Esther Obeng, M.D., Ph.D.
2020 Funding recipient
Dissecting the role of SF3B1 mutations in anemia and clonal hematopoiesis
Discovery Research Grant 2020
Myelodysplastic syndromes (MDS) are bone marrow failure disorders associated with low blood cell counts and the expansion of blood stem cells in the bone marrow that have acquired genetic mutations. The median age of diagnosis is 68 years and the incidence of MDS in the United States is expected to increase as life expectancy increases. The most common presenting symptom of MDS is anemia, or low red blood cell counts. MDS-associated anemia is associated with a decreased quality of life and an increased risk of infection as it becomes worse, leading to a need for regular red blood cell transfusions. Medications to treat MDS-associated anemia are limited to agents thought to stimulate red blood cell production in the bone marrow. Only 30% of patients with MDS-associated anemia will have an initial response these agents, and most of these patients (~ 70%) will see their anemia continue to get worse despite treatment.
Mutations in genes involved with messenger RNA splicing are the most common genetic events associated with MDS. Our previous work set out to study the role of mutations in the RNA splicing factor, SF3B1 in the development of MDS. We generated a mouse model of the most common SF3B1 mutation identified in patients and demonstrated that turning on this mutation in mouse bone marrow stem cells was sufficient to cause anemia in mice. We also demonstrated that the mutant SF3B1 protein recognizes the wrong RNA splice sites. This leads to abnormal RNAs that did not make the proper proteins. We hypothesize that abnormal RNA splicing caused by mutant SF3B1 affects the development of normal red blood cells, leading to anemia.

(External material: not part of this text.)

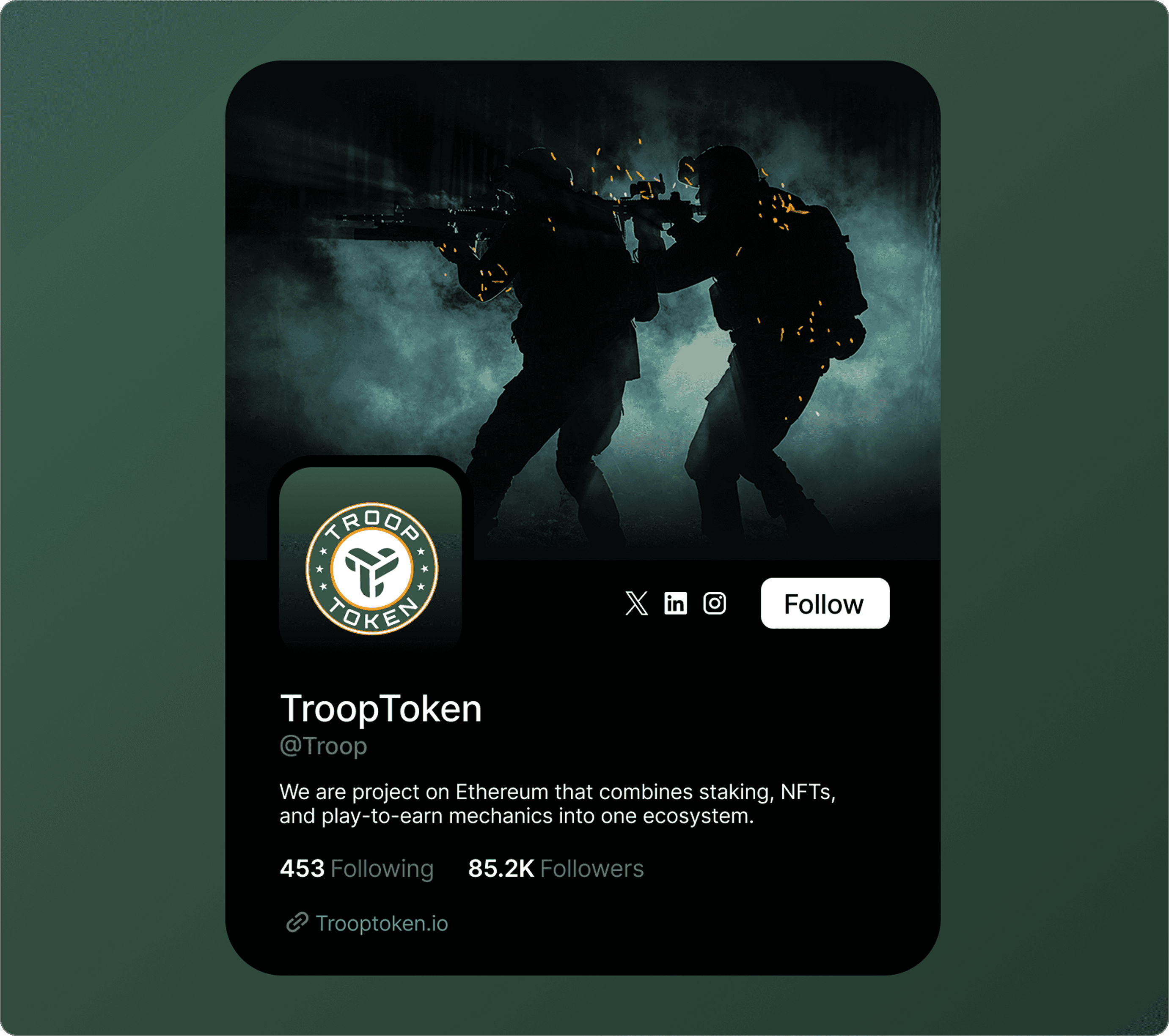 Troop Token is a Web3 project on Ethereum that combines staking, NFTs, and play-to-earn mechanics into one ecosystem. It rewards long-term participation through daily staking returns, NFT-based power-ups, and referral systems. It's built for crypto-native users who want an engaging, game-like investment experience, not another sterile DeFi dashboard.

To test this hypothesis, we will isolate red blood cells from normal mice and mice expressing the SF3B1 mutation. We will examine specific red blood cell precursors that express specific cell surface markers and compare the RNA transcripts found in normal and SF3B1-mutant mice. We will fully define the abnormal RNA transcripts expressed during different stages of red blood cell production in SF3B1-mutant cells and test whether causing these cells to express the proper RNA transcript makes these cells mature properly into more red blood cells. We will also label individual blood stem cells from normal and SF3B1-mutant mice to study how these stem cells expand in the bone marrow and how large a mutant stem cell clone must be to cause anemia. We will also test whether inflammation or aging influences how fast an SF3B1-mutant clone develops. The successful completion of these studies will improve our understanding of how splicing factor mutations cause anemia in MDS patients. The data generated from these studies will contribute to studies of novel agents that can either cause mutant blood stem cell clones to make more red blood cells or selectively kill those clones before they expand and acquire additional mutations.